Search code examples
rggplot2fable-r

How to add normal plot to a ggplot of residuals


I would like to add a plot of the normal distribution with mean and variance of the residuals in a model in the same plot as the histogram of the residuals.

I am using the code below from chapter 5 of fpp3:

aug <- google_2015 |>
    model(NAIVE(Close)) |>
    augment()

autoplot(aug, .innov) +
    labs(y = "$US",
         title = "Residuals from the naïve method")

aug |>
    ggplot(aes(x = .innov)) +
    geom_histogram() +
    labs(title = "Histogram of residuals")

Solution

  • It would be best to tell us that fpp3 is "Forecasting: Principles and Practice" (3rd Edition), that there is a corresponding R package, and to show us the code for creating the google_2015 object so we didn't have to go dig it out, but here you go ...

    setup

    library(fpp3)
    google_2015 <- gafa_stock |>
      filter(Symbol == "GOOG", year(Date) >= 2015) |>
      mutate(day = row_number()) |>
      update_tsibble(index = day, regular = TRUE) |> 
      filter(year(Date) == 2015)
    aug <- google_2015 |>
        model(NAIVE(Close)) |>
        augment()
    

    plotting code

    We need to (1) plot the histogram on a density rather than a count scale and (2) compute the required mean and SD on the fly (alternatively we could plot the histogram on the count scale and multiply the Normal density by the number of observations, but that seems slightly harder)

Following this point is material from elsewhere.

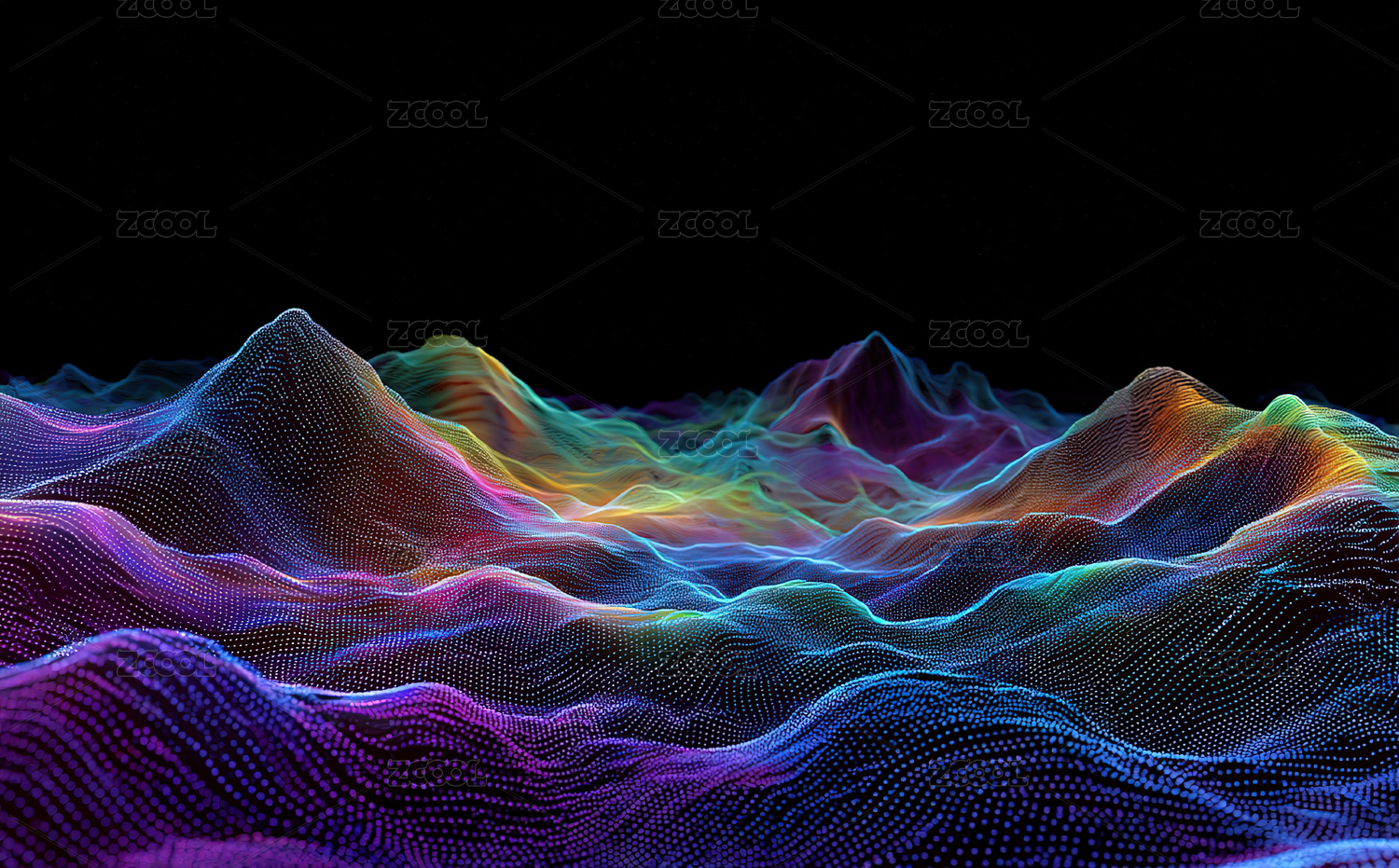 炫丽多彩艺术感的山脉3D全息场景背景素材

    The only improvement of this on the linked duplicate is that the aes(y = ..density..) idiom used in those answers is deprecated as of ggplot2 3.4.0 and will throw a warning ...

    gg0 <- aug |>
        ggplot(aes(x = .innov)) +
        geom_histogram(aes(y=after_stat(density)))
    gg0 + geom_function(fun = dnorm, colour = "red", n = 1001,
             args = list(mean = mean(aug$.innov, na.rm = TRUE), 
                         sd = sd(aug$.innov, na.rm = TRUE)))